The accident occurred on Phillips Highway (U.S.1) in Duval County. It is a four-lane divided highway which was described by witness Boatwright, a Florida Highway Patrol trooper, as an 'open highway' having a speed limit of 70 miles per hour. The defendant-appellee admitted that his car was traveling south 60 to 65 miles per hour prior to impact. The evidence reflects that several miles north of the scene of the accident there is a posted 55-mile-per-hour speed zone, but this zone ended with a sign notifying motorists to 'Resume Safe Speed.' That sign was three and a half miles north of the point of impact. The next sign reducing the speed limit was two miles south of the point of impact. There is also evidence that in the area there are a number of businesses and residences.

The plaintiff's two requested instructions, which were denied, would have advised the jury that violation of the following statutory speed limit was prima facie evidence of negligence:

'Section 317.221 Unlawful Speed

'(2)(a) The maximum speed limit for motor vehicles on the highways except those a part of the national system of interstate and defense highways, shall be:

'1. Thirty miles per hour in business or residence districts.'

and

'Section 317.011 Definitions

'(4) Business district. The territory contiguous to, and including, a highway when fifty per cent or more of the frontage thereon, for a distance of three hundred feet or more, is occupied by buildings in use for business.

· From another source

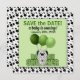 Salve a data para aquele chá de fraldas especial! Quando sua família e amigos descobrirem que você está tendo um bebê, eles querem planejar um chá de fraldas! Deixe-os! Escolha um encontro e deixe todos os seus convidados saberem meses antes, para que você tenha certeza de que tem todos os que são importantes no seu dia especial! Tema de cachorrinho dalmaciano verde, preto e branco.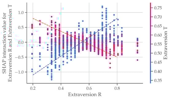 SHAP dependence plot of Raters’ (R) and Targets’ (T) extraversion. The dashed lines represent a linear fit applied to the most prominent data points from opposite extremes.

'(39) Residence district. The territory contiguous to, and including, a highway not comprising a business district when the property on such highway, for a distance of three hundred feet or more, is in the main improved with residences or residences and buildings in use for business.'

Although General speed limits have been fixed by Section 317.221, the legislature granted authority to municipalities, boards of county commissioners and the State Road Department to vary these statutory speed limits by posting appropriate signs giving notice of the change on roads over which each such agency exercises authority. Sections 317.233 and 317.241, Florida Statutes.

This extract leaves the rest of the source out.